Ah, the pun (and punster), usually written off as verbal dross in an age of visual dazzle, is in the midst of a mild revival in the United States. "You see puns used more and more these days in newspaper headlines, in magazines and advertising," says Bob Aitchison, an editor of the quarterly American Pun Review and co-founder of the nonprofit Pun American Club based in Deerfield, Ill. He cites dozens of recent examples in publications from Time magazine to the Arkansas Democrat-Gazette.
"We had to double the size of our postal box last year," says John Crosbie of Toronto, Canada, the chairman of the bored of The International Save the Pun Foundation. He says members in the nonprofit organization now number in the "thousands," and come from "every socioeconomic level." He is the author of Crosbie's Dictionary of Puns.

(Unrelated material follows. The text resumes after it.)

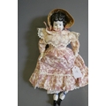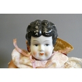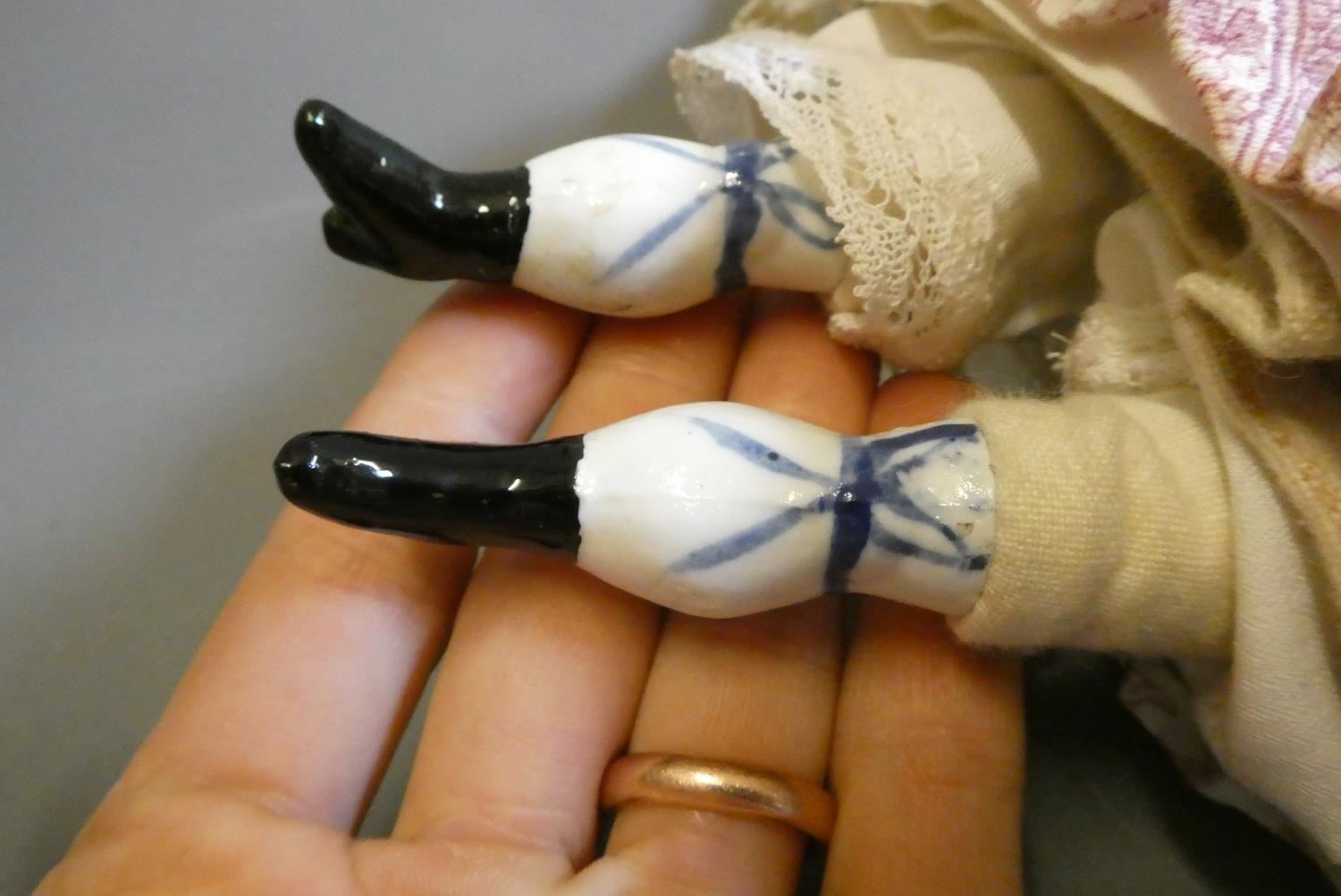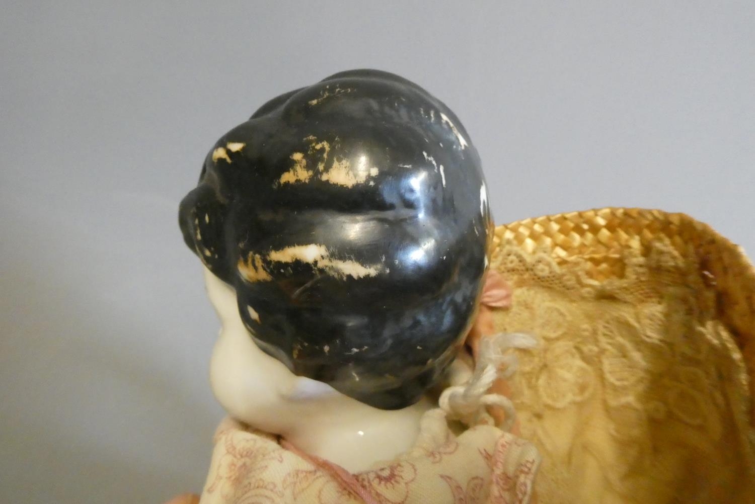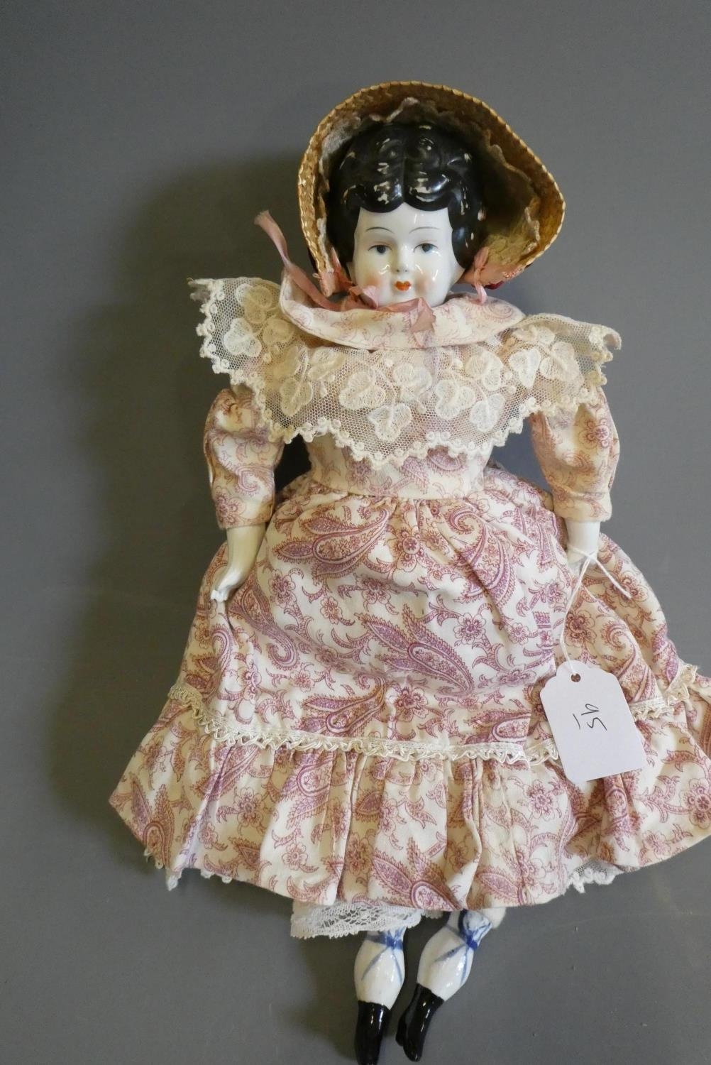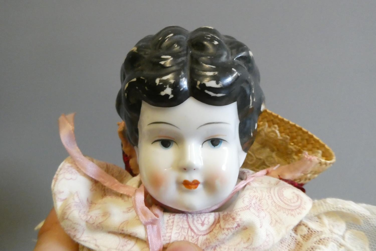 A Victorian china shoulder head doll, with moulded hair, painted features, fabric body, china lower limbs, moulded boots, pink dress and straw bonnet, 14 1/2" long
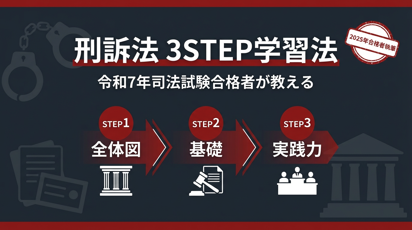 今回は、「刑事訴訟法」の3ステップをご紹介しましょう。

In ancient Rome when workers in a popular deli were told they could eat anything they wanted during lunch hour - anything, that is, except the expensive smoked salmon - they created the world's first anti-lox breaks.
Each year on April 1, the International Save the Pun Foundation has a dinner in Chicago to name Punster of the Year and trade fast puns. More than 200 punsters have made reservations so far for this year. "Each year I go as Pun-Up Girl of the Year," says Joyce Heitler, the organizer of the event, "and ask people if they want to see a comic strip."
Mr. Crosbie, a retired advertising executive, says, "People who like word play are more playful and mentally agile [than nonpunsters]. We started the Save the Pun Foundation initially to encourage youngsters to have fun with words. Because TV seems to turn kids away from reading, we wanted to lure them back."